• [Work instruction]: Exactly the lines below, starting with the one containing "petit SUCRIER BOULE" and going on through the one containing "Montre de poche", must be reproduced, both ends included, and no pictures with them.

_ _ _ _ _ _ _

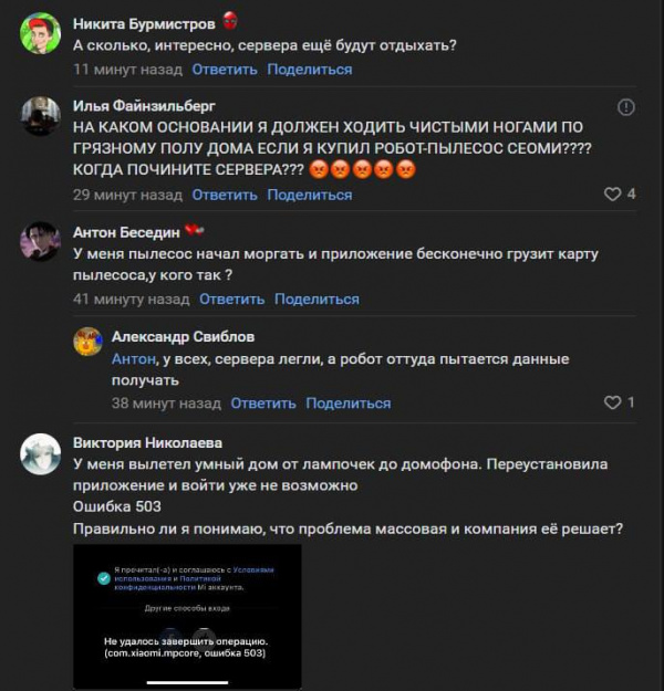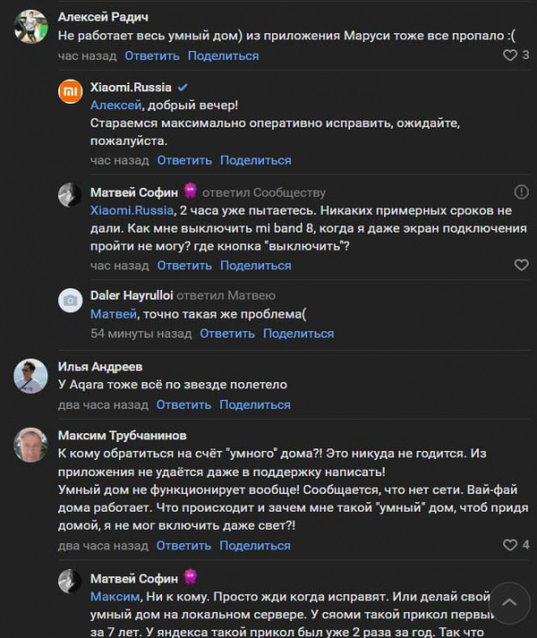 СММщики Xiaomi уже устали отбиваться в соцсетях от сотен комментариев недовольных владельцев и обещают все исправить в ближайшее время. Особенно там негодуют владельцы системы «умный дом» - у них не работает вообще ничего.
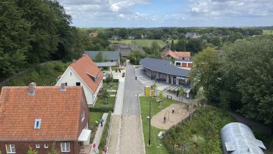 Gestärkt mit traditionellen Gerichten wie Matjes mit Bratkartoffeln ging es dann zur „Königberger Straße“. In diesem bundesweit einmaligen Projekt wird das Alltagsleben im ländlichen Raum in den ersten Nachkriegsjahrzehnten erlebbar gemacht. Hier sind fünf Häuser aus den 1950er bis 1970er Jahre wieder errichtet worden – einschließlich zeittypischer (Nutz-) Gärten, Spielplatz, Straßenlaternen, Litfaßsäule und Telefonzelle. Die Ausstellungen in den Gebäuden zeigen Wohnsituationen von Familien und übliche Arbeitsplätze dieser Zeit.
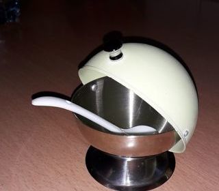 petit SUCRIER BOULE BISTROT . inox . avec couvercle vert et un bouton pour soulever. Idéal pour le sucre en poudre. H 9 cm diamètre dessus 8.5 cm et la petite cuillère blanche
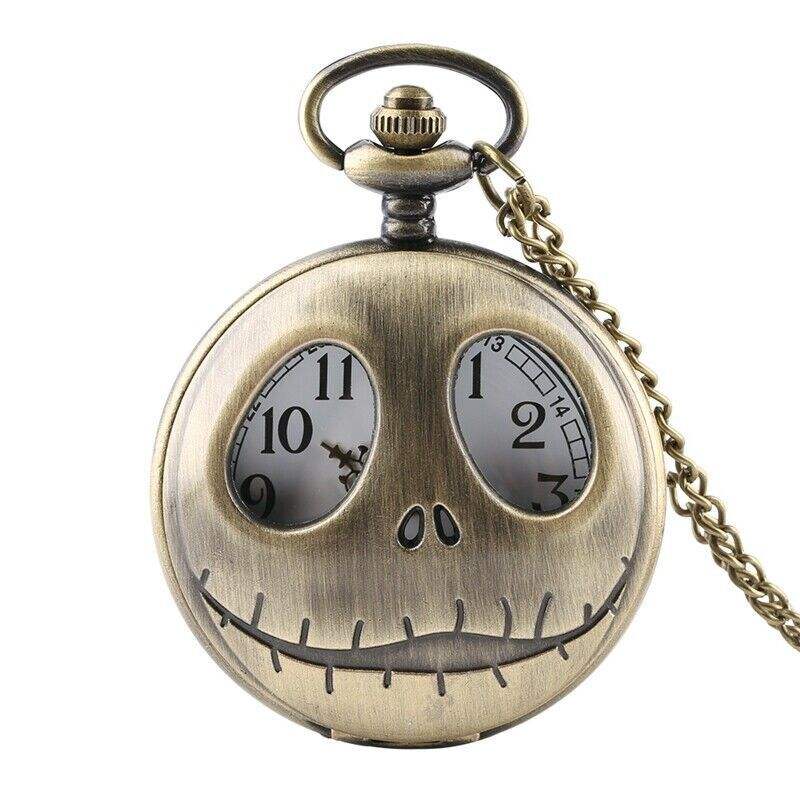 Montre de poche à quartz avec pendentif en forme de crâne de clown aux grands yeux et d'épouvantail, chaîne, collier créatif antique, montre en alliage de 47 mm
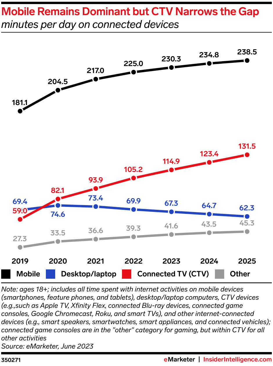 - People are spending more time streaming. We expect time spent with CTV among US adults to double from about 1 hour per day in 2019 to just over 2 hours per day in 2024. CTV usage also exceeds time spent on desktops and laptops. CTV will account for more than one-fourth of total time spent with digital media this year.
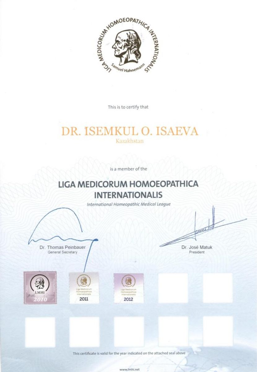 • член Международной лиги гомеопатов;
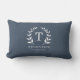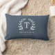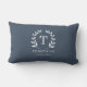 Modern Rustic Monogram Wreath Family Name Dusty Blue Navy Lumbar Pillow
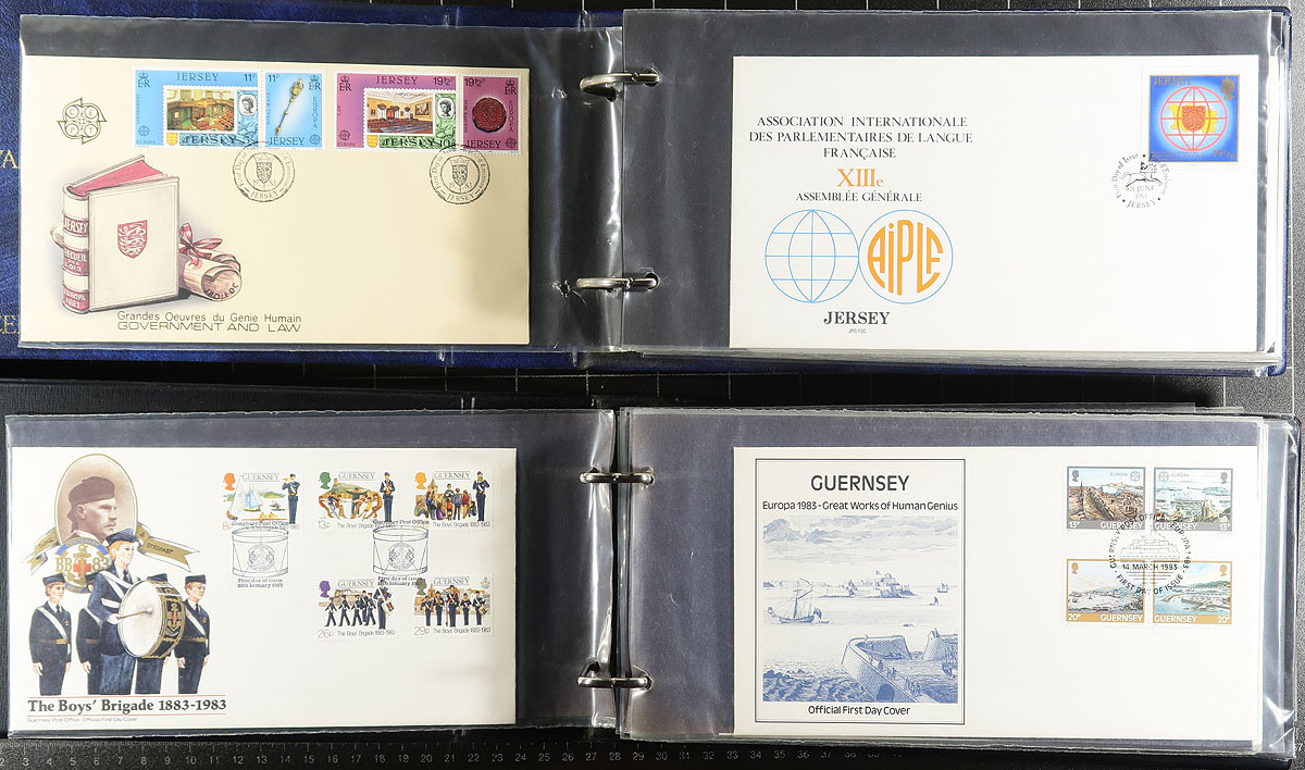 Covers Holding. A collection of roughly 350 first day covers, 1970-1990's, in 7 cover albums and with loose material. The collection contains singles and sets frankings, with roughly 120 Great Britain covers in 2 Westminster Collectors Society albums (and loose material), along with covers from Jersey and Guernsey in the remaining 5 albums. A nice clean lot for collectors and dealers alike. Estimate =

_ _ _ _ _ _ _

• [Written answer]:
 petit SUCRIER BOULE BISTROT . inox . avec couvercle vert et un bouton pour soulever. Idéal pour le sucre en poudre. H 9 cm diamètre dessus 8.5 cm et la petite cuillère blanche
 Montre de poche à quartz avec pendentif en forme de crâne de clown aux grands yeux et d'épouvantail, chaîne, collier créatif antique, montre en alliage de 47 mm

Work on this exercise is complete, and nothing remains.